USGBC's post-Katrina progress
Five years after Hurricane Katrina devastated New Orleans, the U.S. Green Building Council looks back at how green building has helped the city's recovery process.
Wed, Aug 25 2010 at 8:17 PM
On Aug. 29, 2005, Hurricane Katrina
made landfall, and the Gulf Coast region was forever changed. Although the city of New Orleans survived Katrina relatively intact, the levee breaks that came soon after basically devastated the city.
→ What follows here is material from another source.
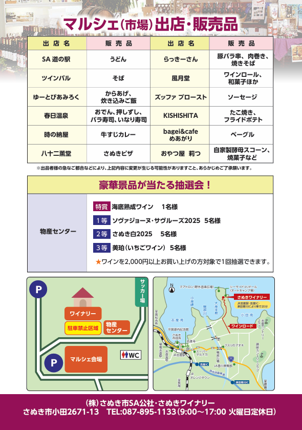 | 開催場所 | さぬきワイナリー、物産センター及び向かい側駐車場 |

As the five-year anniversary of Katrina approaches, the U.S. Green Building Council (USGBC) looks back at how green building
has helped the city’s recovery process.
The USGBC has had a hand in a variety of green building projects and goals including:
- The Make It Right LEED Platinum community
- A goal that all public schools be built to at least LEED Silver certification standards
- A plan for four LEED Platinum homes in the Broadmoor neighborhood
- Green building training programs to help residents of New Orleans prepare for the green economy
These are just a few examples of how the USGBC has partnered with organizations and government entities in New Orleans to help the city bounce back from the flooding that wreaked havoc on the community.
The commitment to greener schools is already paying dividends. The first new green school opened last August and students at the school posted a double-digit increase in test scores. This was in one school year alone. The students, teachers and staff have shown first-hand that a green school is not just good for the environment but it provides a better learning environment for students. The better the learning (and teaching) environment, the more students can learn. These test scores have shown what a big difference a green school can make in just a short period of time.